BFR-LLST involves the application of a wrapping device, such as an inflated tourniquet/cuff or a specially designed strap,² to restrict the arterial inflow and venous outflow to the muscle(s) during exercise. Safety is a common concern raised while performing BFR exercise, as this type of exercise can negatively affect the cardiovascular system, for example, among the elderly and immediately after surgery. Some of the specific concerns that have been raised include lower extremity muscle pain, nerve damage,^3,4 and cardiovascular adverse events, such as deep venous thrombosis.^5,6 A factor that can impose a safety risk is high limb (arterial) occlusion pressure (LOP) during BFR-LLST, which limits or stops the arterial inflow to the muscle(s).⁴ The LOP is defined as the minimum occlusion pressure necessary to stop the flow of arterial blood into the lower limb distal to the cuff.⁷

The relative LOP is a percentage of the estimated LOP. In rehabilitation protocols for BFR-LLST, relative LOP is reported between 40% and 90%.^8-10 When BFR-LLST is implemented in clinical practice, the LOP is commonly not determined.¹¹ Despite this, very few adverse events have been reported.¹²

The determination of the LOP relies primarily on cuff width,¹³ cuff type,⁸ and limb circumference.¹⁴ Recently, use of a handheld (HH) Doppler (auscultatory signal) has been proposed as a valid and practical method to determine the LOP, compared to a pulse wave Doppler ultrasound.¹⁵ An alternative, inexpensive, portable, and easy method of detecting LOP could be the use of a handheld oximeter, which, in addition to monitoring an individual's saturation, simultaneously measures the pulse rate. The sensor is placed on the index finger or the second toe, and LOP is detected when the restrictive pressure from the inflated cuff reaches a level where the pulse is undetectable on a graphical pulse frequency display (pulse stop). The validity of an oximeter also measuring the pulse rate (Zimmer Biomet, Warsaw, IN, United States), compared to that of an HH Doppler ultrasound, exhibited unacceptable accuracy in determining the LOP in the lower limb, but not in the upper limb, in a healthy population.¹⁶

To use a HH oximeter (CR-100 Handheld Pulse Oximeter, Henzhen Coreray Technology Co., Ltd., China) for the measurement of LOP, it is crucial to assess the clinimetric characteristics, both the validity and reliability, in healthy adults. Therefore, the objective of this study was to compare an HH oximeter with a pulse wave Doppler ultrasound scanner as the reference standard in terms of its validity in detecting LOP in the lower extremity. Additionally, the intra-rater (test-retest), intra-day reliability was determined for both the HH oximeter and the Doppler ultrasound.
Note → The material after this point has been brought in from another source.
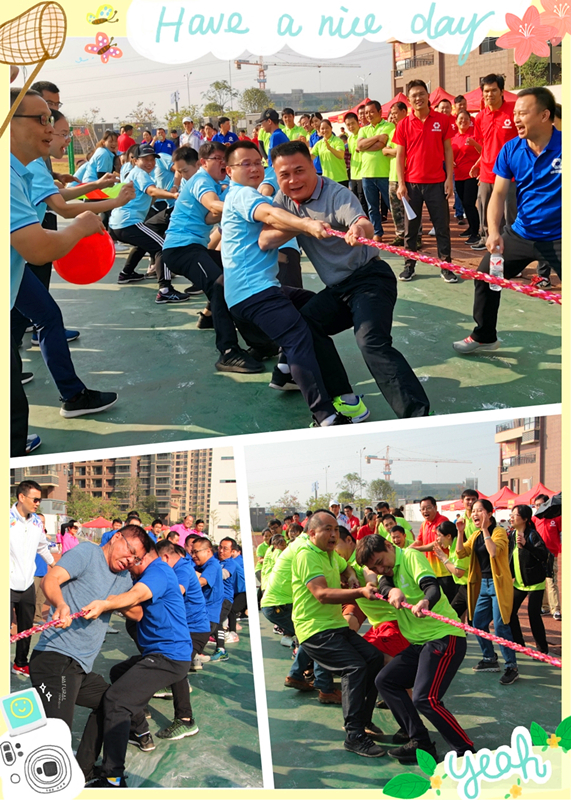 首先開(kāi)始的是拔河比賽,只聽(tīng)裁判員的一聲哨響,現(xiàn)場(chǎng)馬上進(jìn)入到緊張的比賽環(huán)節(jié)。廖勇副主任與集團(tuán)公司領(lǐng)導(dǎo)一道,一馬當(dāng)先打頭陣,對(duì)壘科巨公司隊(duì)。只見(jiàn)這邊運(yùn)動(dòng)員們個(gè)個(gè)咬緊牙關(guān)、目光如炬,臉憋得通紅、手拉得充血,比賽的戰(zhàn)況緊緊地牽動(dòng)著觀眾們的心,繩子一時(shí)往左一點(diǎn),一時(shí)往右一點(diǎn),在緊張的氛圍中大家聲嘶力竭地給運(yùn)動(dòng)員們加油鼓勵(lì),現(xiàn)場(chǎng)氣氛十分高漲!經(jīng)過(guò)幾輪的比拼,萬(wàn)方公司隊(duì)獲得拔河比賽項(xiàng)目冠軍、科巨公司隊(duì)獲得亞軍、榮鑫公司隊(duì)獲得季軍。
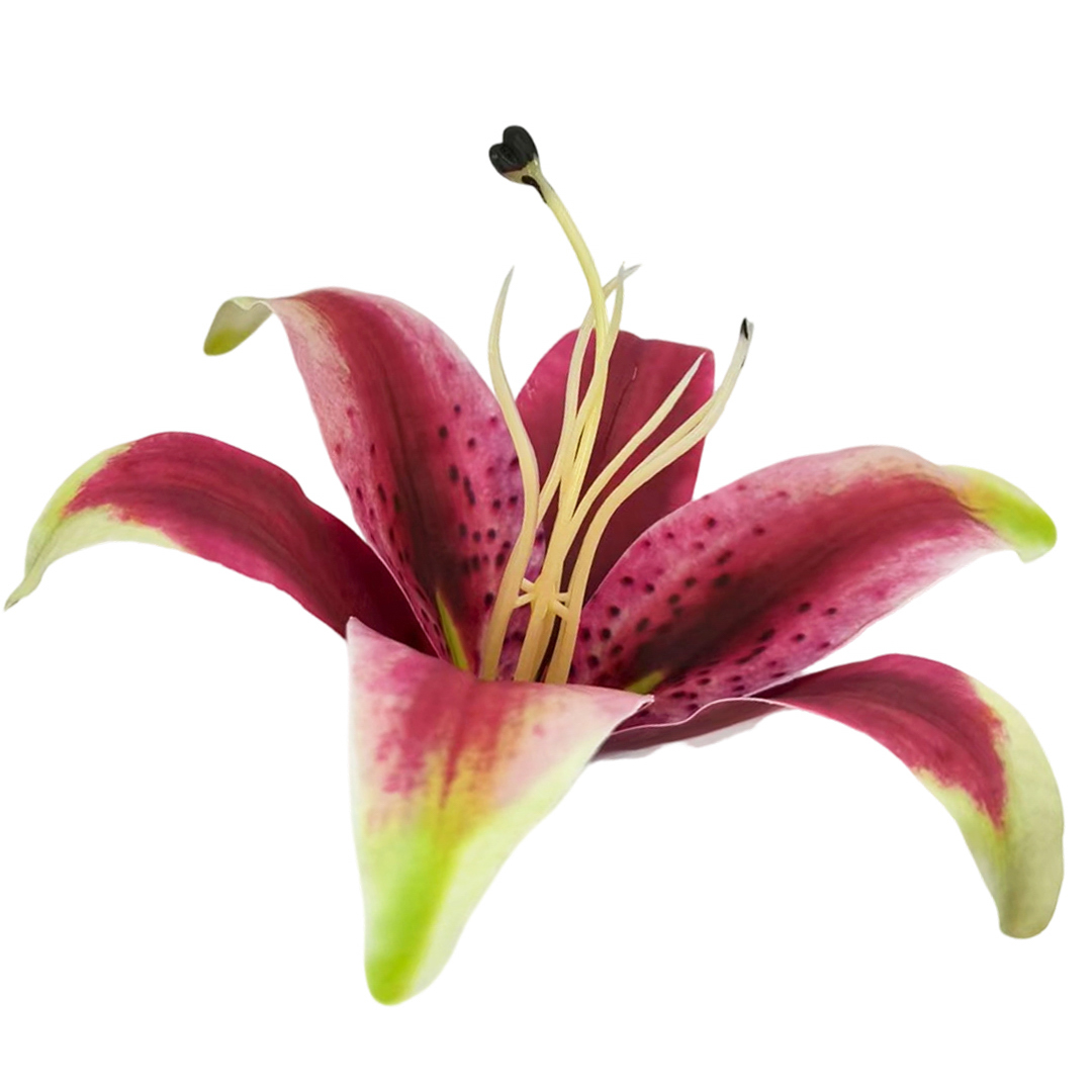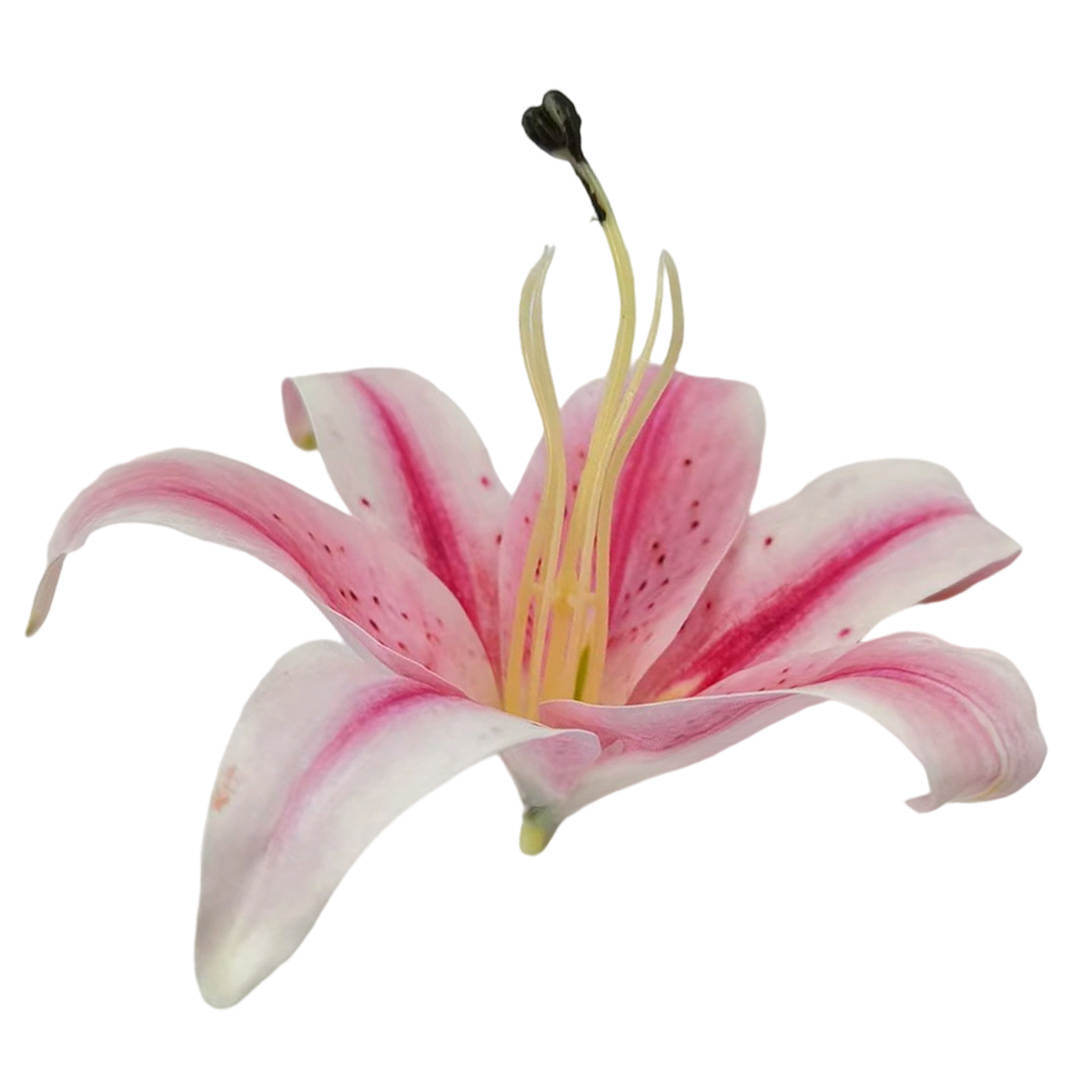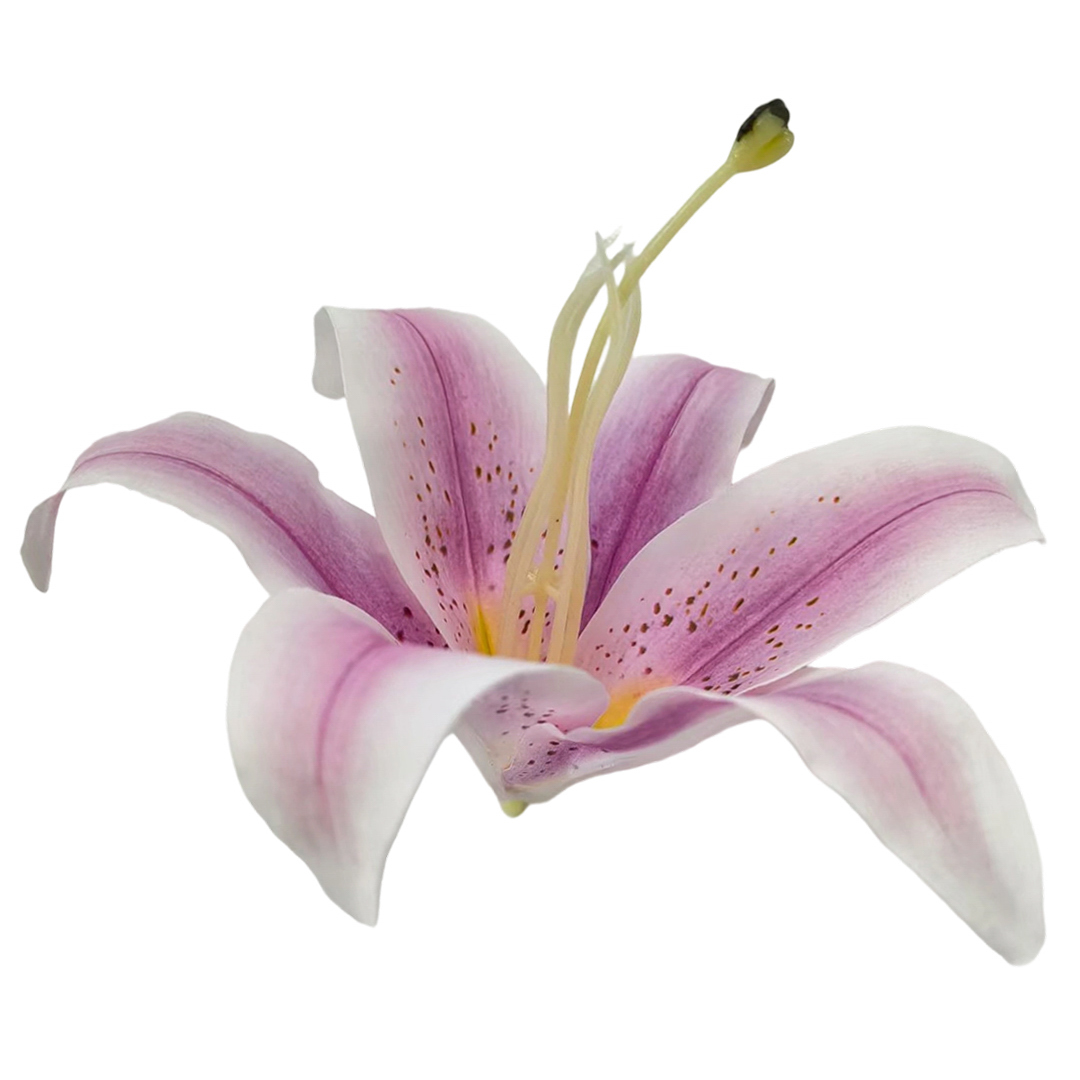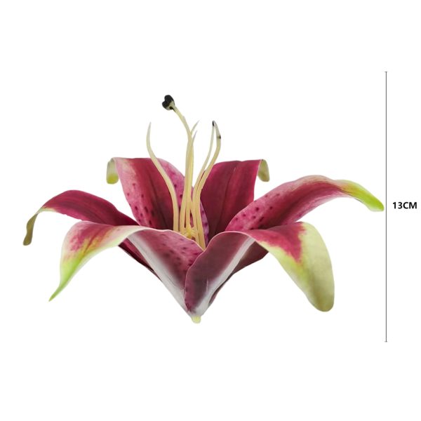 Główka kwiatowa LIlii to idealna baza do tworzenia dekoracji florystycznych, stroików i bukietów. Dzięki realistycznemu wyglądowi doskonale imituje naturalny kwiat, a wysoka jakość wykonania gwarantuje trwałość i estetykę przez długi czas. Sztuczne główki kwiatów sprawdzą się w kompozycjach świątecznych, weselnych, dekoracjach domowych oraz jako element ozdobny do rękodzieła.

It was hypothesized that the HH oximeter would provide a valid and reliable method for detecting LOP in healthy adults.

METHODS

Design

This study was a concurrent validity and intra-rater (test-retest), intra-day reliability study between an HH oximeter with a graphical pulse frequency display and a pulse wave Doppler ultrasound scanner. The HH oximeter was compared with the Doppler ultrasound scanner in terms of its accuracy in determining the LOP in the lower extremity. The reporting of the study was in accordance with Guidelines for Reporting Reliability and Agreement Studies (GRRAS)¹⁷ and adhered to the Strengthening the Reporting of Observational Studies in Epidemiology (STROBE) reporting guidelines for cross-sectional studies.¹⁸

Participants

A convenience sample of 50 healthy participants was recruited from University College Absalon, Denmark. Inclusion criteria were participants aged between 18 and 70 years, able to understand and speak Danish. Participants were excluded if they had a diagnosed cardiovascular or musculoskeletal disorder, used any medication, or were pregnant. All participants were informed of the procedures and any potential risks before they gave their written informed consent. Ethical approval was obtained from the Committee for Medical Research Ethics in the Capital Region of Denmark (identification number: 17031344).

Instruments

The HH oximeter (CR-100 Handheld Pulse Oximeter, Henzhen Coreray Technology Co., Ltd., China) displays the pulse (0-250 beats per minute (BPM)) rate with an interval of 1 BPM (Figure 1). The displayed hemoglobin saturation (SpO²) was not used.

Figure 1. — Illustration of A) the handheld (HH) oximeter displaying hemoglobin saturation of 100%, a pulse rate of 58 beats per minute, and regular sinus curves at the bottom of the screen, B) the HH oximeter showing the transition phase with limited arterial blood flow to limb occlusion (LOP) indicated by the flat line with no sinus curves, and C) the HH oximeter shows LOP.

A portable high-resolution color pulse wave Doppler ultrasound scanner (SonoSite S-MSK™, FUJIFILM SonoSite, Inc., United States) was used, with the depth set at 2.5 cm (Figure 2). Selection of an auscultatory Doppler signal was not possible on this device.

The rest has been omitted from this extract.